Thursday, January 27, 2005

The problem with Social Security

In a nutshell - there is no problem with it for the most part - the demographic trends that are being used by the Bush administration to push their goal of privatization are, in effect, a series of worst-case scenarios that assume several things continue or worsen for the next 40+ years:

- The population will continue to skew older
- Life expectancies will climb rapidly
- There are no other population bulges coming down the pike
- Baby boomers will live a long, long time.

I suspect most of those tendencies will not be as bad as assumed by the SSA, but it's their job to assume the worst. That's what actuaries do.

See, here's the reality behind it, and why some folks (mainly the ones who think FDR was a pinko) want desperately to see the existing Social Security system blown up: Social Security was designed to provide a modest guaranteed income to retirees and the disabled, and is mainly funded by the ongoing revenues paid into it. That money is then used to buy government bonds, in turn providing a small, guaranteed rate of return. Back in the 1980s, SSA actuaries saw the baby boomers coming of age, and realized that they would be retiring eventually and would be making huge demands on the system - demands that could not be met as things stood.

So congress and Reagan actually agreed on something: they raised the Social Security tax. By doing this, they began building up a cushion (the "trust fund") that would build and eventually be drawn down as the boomers retired. As things stand right now, that cushion will stop growing in about 15 years, and depending on whether you believe the SSA or the CBO, sometime between 2045 and 2052 the reserve will be exhausted, so to keep things as they are either benefits would have to be cut or the payroll tax that funds Social Security would have to be increased.

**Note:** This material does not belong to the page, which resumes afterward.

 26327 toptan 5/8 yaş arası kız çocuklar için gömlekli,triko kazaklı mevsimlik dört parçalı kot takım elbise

Part of the catch here is that the SSA buys Treasury bonds, which basically fund our deficit spending. As they come due, it effectively increases the total debt, but moves it into a different ledger. The Bush administration would love to write that off, and make the deficits look smaller as a result. So they'd like to "privatize" Social Security - having participants assign a certain amount of their money to play the market. Their ultimate goal is to eliminate Social Security entirely, and shift all the money into private accounts. The problem here is that taking that money out of the pool to go to stocks does a couple of things. First, it reduces the pool - and that actually moves up the date of reckoning. Second, it adds an extra dose of risk to the retirement process - that sum that Grandma is counting on? It may not be there for her. Stocks are inherently risky, though they do have a good history. Of course, stocks are much more expensive as a multiple of earnings than they once were, and our economy is in peril of losing it's place as the "standard" of the world economic system, but why spoil the party?

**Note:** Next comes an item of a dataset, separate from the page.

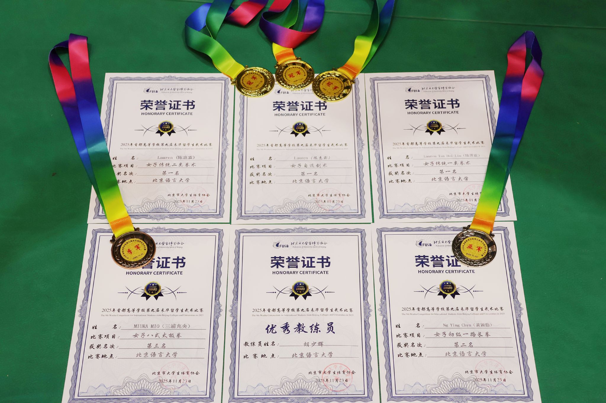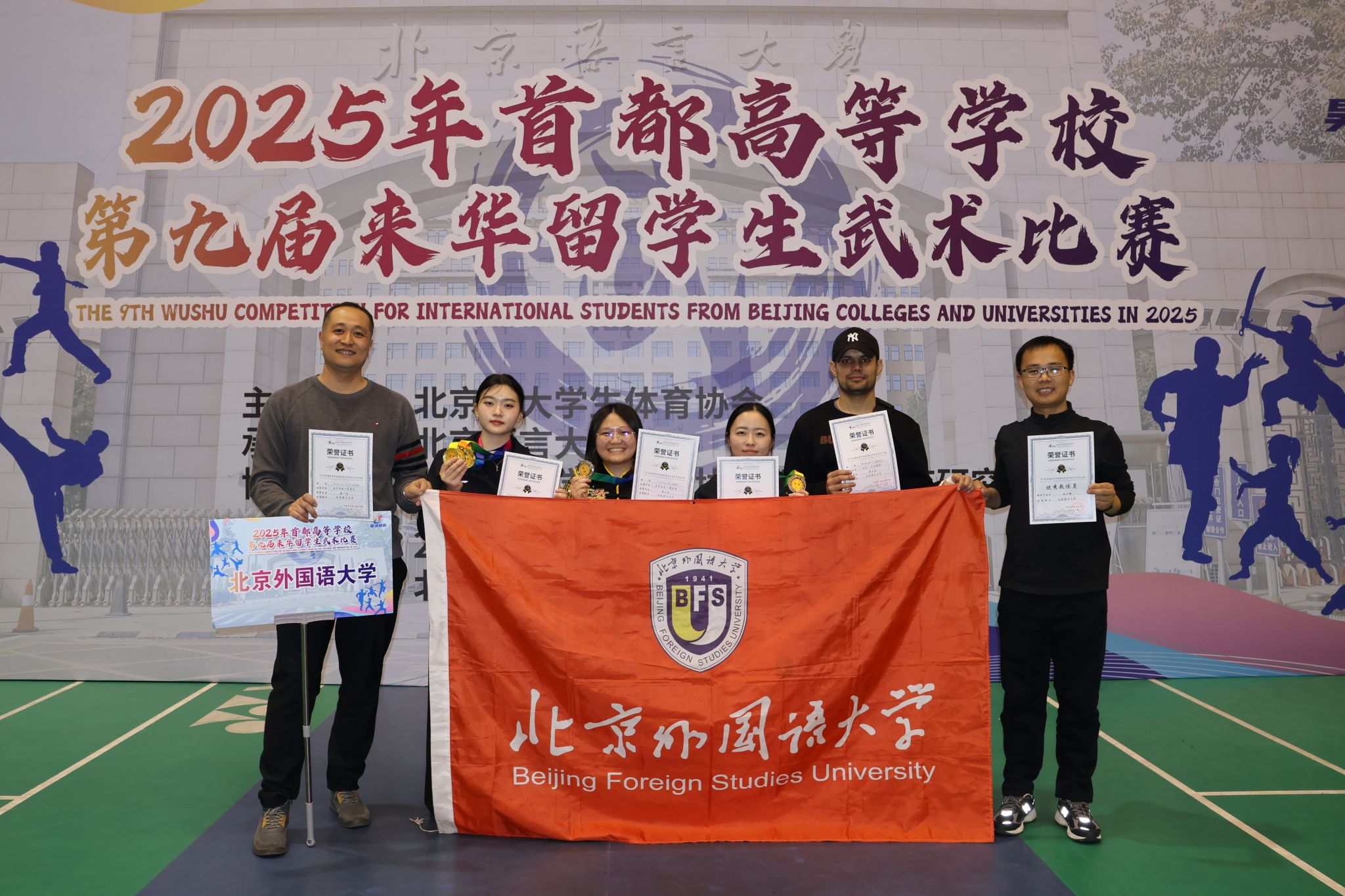 On November 23, 2025, the 9th Wushu Competition for International Students from Beijing Colleges and Universities in 2025 was successfully held. The BFSU delegation was led by Kailin from the Overseas Students Affairs Office, with Hu Shaohui from the Department of PE and Research serving as the coach. After heated competition, the BFSU delegation ultimately secured three gold medals, one silver medal, and one bronze medal in individual events. Hu Shaohui was awarded the title of “Excellent Coach,” setting a new record for BFSU in this competition.

Choice is good, but that's why we have other retirement vehicles available to us as individuals. All privatizing Social Security does is increase the risk associated with that basic pension, and gives a bunch of money to the people on Wall Street who are safe Republican votes anyway (do you thing that they'll handle your Social Security account for free, out of the goodness of their little hearts?) Wrong.

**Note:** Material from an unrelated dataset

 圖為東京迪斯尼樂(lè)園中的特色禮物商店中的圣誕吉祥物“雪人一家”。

Now are there things we can do to increase the rate of return on Social Security? Absolutely. With minimal risk, we could allow the SSA to invest in vehicles other than Treasuries (but very low-risk), or we could raise the exemption (right now, I believe the line is around $95,000 - any income over that does not get taxes for Social Security purposes), or we could means-test the recipients (perhaps if you make over, say, $200k per year you get a reduced benefit). Or some combination of all those. The important point is that Social Security is not so broken that the fix is difficult. But George Bush would like you to think otherwise.

Remember, Social Security was not designed to be yet another investment vehicle for you, the eventual retiree. It was designed to be a simple, "pay as you go" system that would ultimately pay you a modest stipend upon retirement in exchange for your paying for the retirees before you. It's worked fairly well for two full generations, and with minor tweaking will work for many more to come.

If I were designing my own retirement system, would I set up the SSA? No - it's not bad, but it could be better. And as structured, the SSA payroll tax is pretty regressive. But it's worked well so far, despite the flaws. As for privatization? Look up what's happened in Chile and in Britain - two countries that have tried privatization to any degree. And then tell me you still favor it.